The Great Barrier Reef is going under another wave of warm oceanic heat which is causing coral bleaching at a new extreme level.
Marking this the 3rd record of global coral bleaching and the longest running bleach thus far. Coral bleaching has impacted the reef with back to back bleaching events in 2016 and 2017. Giving the corals little room to recover what has been destroyed from the bleaching of last year.
According to a scientist James Kerry, corals need a decade to fully recover, even fast growing corals, and with mass bleaching taking place 12 months apart it is giving the reefs no time to recover the damaged made from the previous year.
With coral bleaching hitting hard in 2016 and 2017, the northern half of the reef was hit spreading across 900 miles of the reef this time. In 2016, the coral bleaching marked the biggest die-off of corals hitting reefs in the north harder. There was a 67 percent of shallow-water corals that died within that year.
The massive bleaching incidents of the corals are scientifically linked to the rising sea-surface temperatures caused by the rising temperatures on Earth.
Climate change is weakening the barrier reef with its rising temperature since the reefs are having to cope with the oceanic heat wave which is bleaching them. Since there have been carbon pollution emissions from humans, the Earth has been warming roughly 1.8 degrees Fahrenheit.
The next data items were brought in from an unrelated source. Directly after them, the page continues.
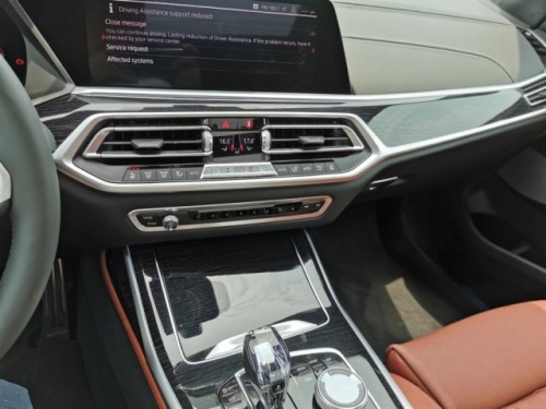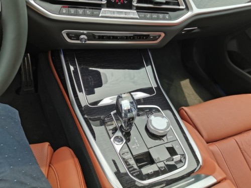 宝马X7的内饰还是使用了经典的宝马设计语言,在用料上有了更为精细的讲究,营造了更多的尊享感。使用了全液晶仪表盘和大尺寸的中控屏幕,全车氛围灯和全景天窗的发光单元也是必不可少。另外,它还很有逼格的使用了水晶的鸡腿档把,看起来非常的精致有档次。挡杆采用了水晶材质,内部印着“X”字样,切面的设计让其从各个角度看都有不同的视觉效果。在挡杆旁边是车辆的启动按键,上方同样使用了水晶材质非常有质感。除此之外该区域还布置了空气悬架调节和驾驶模式调节按键,电子手刹也在该区域控制。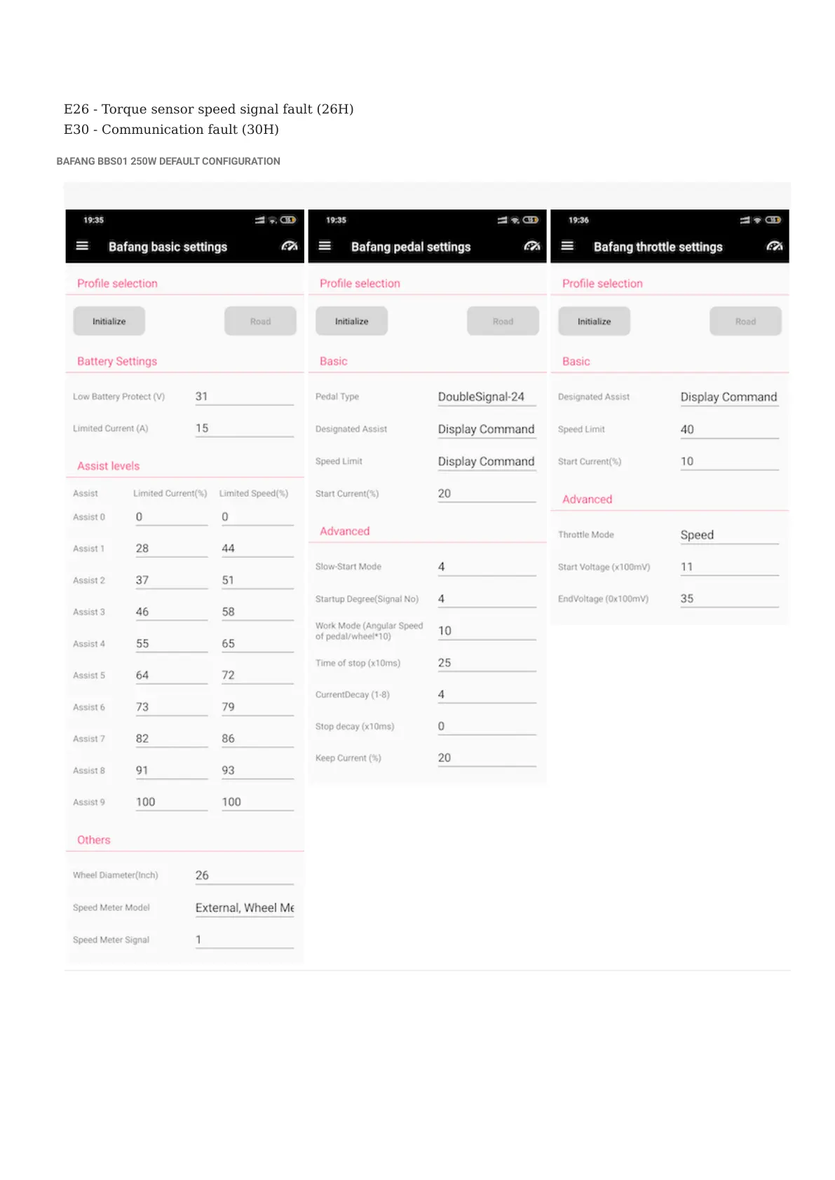 BAFANG BBS01 250W DEFAULT CONFIGURATION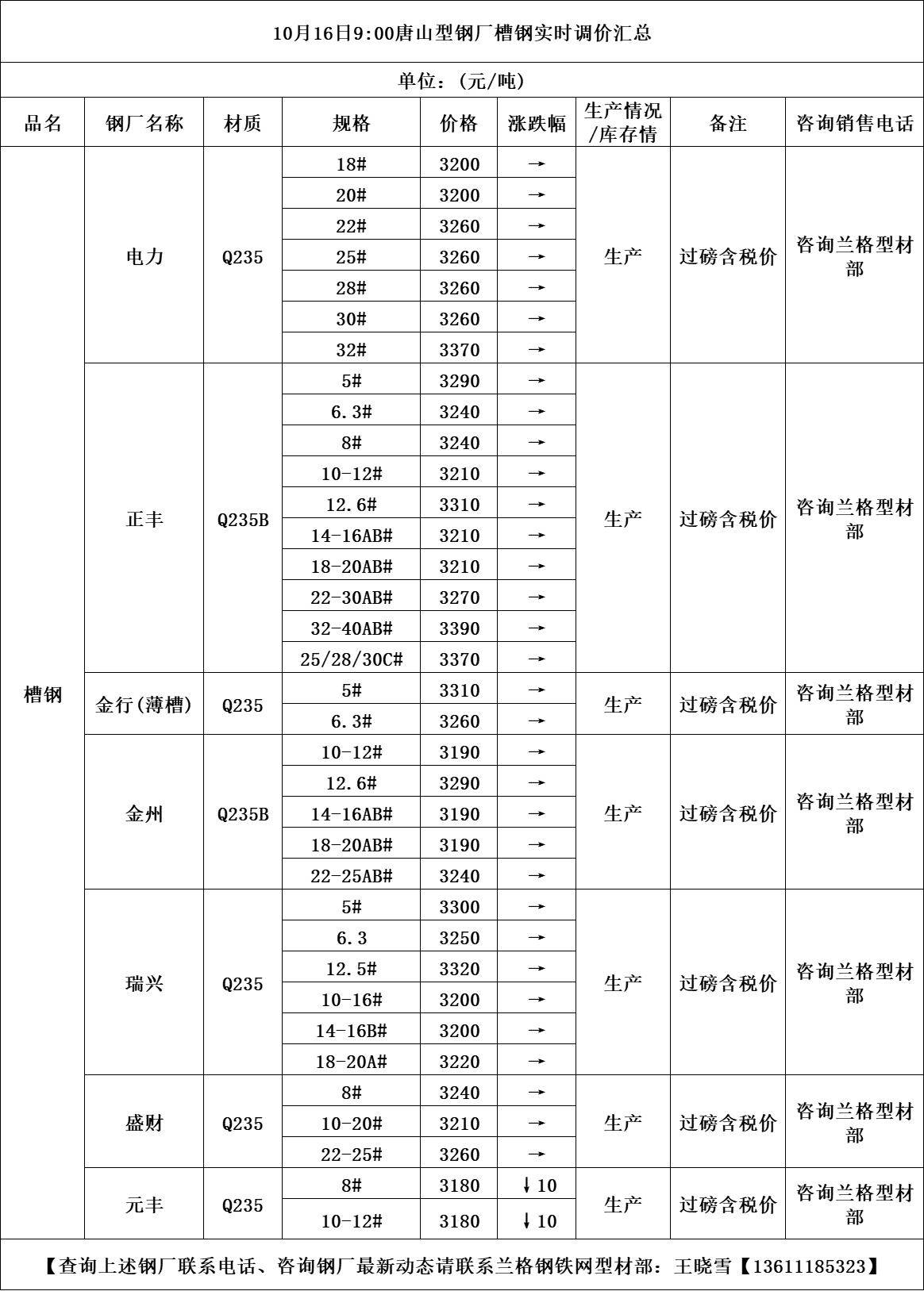 • 10月16日唐山元丰钢厂槽钢调价信息

Scientists are now predicting if there is an interesting temperature of 2.7 degrees Fahrenheit then the corals will go extinct around the world.
Researchers are studying the corals that have survived under the 3 years of global bleaching in hopes to find the secret to their success to be able to replicate the success to help coral adapt to warming world and ocean.
If scientists succeed, it will help preserve an ecosystem within our planet, but it will also bring benefits, economic benefits.
The Great Barrier Reef could generate 4.45 billion dollars in tourism revenue and supports about 70 thousand jobs. They also provide protection from storm surge.